Diğer taraftan bölgenin kıyısı, "Çevre Düzeni Planı"nda “Deniz Kaplumbağası Üreme Bölgesi” olarak belirlenmesine rağmen kıyının doğal yapısının değiştirilerek kıyıda kazı ve kum alımı yapıldığı ve kum yağıldığı görülmektedir. Bu uygulamalar 3621/3830 sayılı Kıyı Kanunu'nun 5. ve 6. maddelerine aykırı uygulamalardır. Bu konuyla ilgili kamu ve tüzel kişilik olan belediyeler kamu ifadesini bir tarafa bırakmışlar; tüzel kişilik gibi hareket etmeyerek konuyla ilgili gerekli hassasiyeti göstermemektedirler.

Bilindiği gibi ormanlar devletin hüküm ve tasarrufu altında kamu malıdır.

Anayasanın 169. maddesinin özünde ormanların zaman aşımı ile mülk edinilemeyeceği ve kamu yararı dışında irtifak hakkına konu olunamayacağı, ormanlara zarar verilecek hiçbir faaliyet ve eyleme müsaade edilemeyeceği açık açık belirlendiğinden, yapılan tahsisler kamu yararı taşımadığından Anayasanın bu maddesine aykırıdır.

2. Bölüm: Sarısu Derenisi'nin doğusundan, Karadayı yerleşmesinin kuzeybatısında Yassı Yusuflar Tepesi'nden başlayarak Evrenseki Belediyesi'nin sınırları doğusundaki Ilıca Deresi'ne kadar uzanan alandır. Denize paralel 25 km. uzunluğunda, 5 km. genişliğinde 135 km2'lik bir yer kaplar.

Denize paralel 25 km. uzunluğundaki 25 km’lik kumsalın yaklaşık 4,5 km’si "Belek Özel Çevre Koruma Bölgesi" dışında bırakılmıştır.

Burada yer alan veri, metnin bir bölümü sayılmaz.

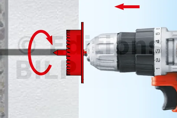 Méthode de montage - encastré avec disque de polystyrène (Fraise en plastique pour le polystyrène)

Bölge, sahip olduğu doğal, ekolojik, kültürel ve tarihi değerlerin çevre kirlenmesine ve bozulmasına karşı korunması, doğal ve tarihsel değerlerin gelecek nesillere aktarılması, güvence altına alınması ve bir yerde koruyarak kullanmak amacıyla 2872 sayılı Çevre Kanunun 9. maddesine istinaden 383 sayılı Kanun Hükmünde Kararname hükümlerinin uygulandığı 22.10 1990 tarih ve 90/1117 sayılı Bakanlar Kurulu Kararıyla “Belek Özel Çevre Koruma Bölgesi” ilan edilmiştir.

"Belek Özel Çevre Koruma Bölgesi"nin bir bölümü Serik’te, bir bölümü de Manavgat ilçe sınırları içinde 5 belediye, 1 mücavir alan (Taşağıl Mücavir Sahası) ve 6 köyü kapsamaktadır.

Bölgede 12. 8. 1993 tarihinde Özel Çevre Koruma Başkanlığı tarafından 1/ 25000 ölçekli "Çevre Düzeni Planı" onanmıştır.

Bu plan hazırlanırken o günkü şartlara göre yeterli teknik çalışma yapılmadığından tam bir akademik yönetim planı hazırlanmadığı belirgindir. Bazı köylerin de sonradan belediye olması nedeniyle, köy yerleşim alanları paftalara tam net olarak yansıtılmamış; ayrıca ideal arazi kullanım şekilleri belirlenememiştir. Ancak "Özel Çevre Koruma Başkanlığı"nca bugünlerde akademik yönetim planı hazırlatılarak yeni revizyon çalışmaları sürmektedir.

Bölgenin sorunlarını kısaca özetleyecek olursak:

1- "Çevre Düzeni Planı"nda koruma alanı olarak belirlenen kontrollü hassas zon alanları yeni yönetim planı çalışmaları sonucuna göre tekrar incelenmeli ve güncelleşmelidir.

2-Ormanlık alanlar, kadastro sınırlarının sayılaştırma sonucuna göre belirlenmelidir.

3-Makilik- fundalık alanları ve hassas zon sınırları yeniden belinlenmelidir.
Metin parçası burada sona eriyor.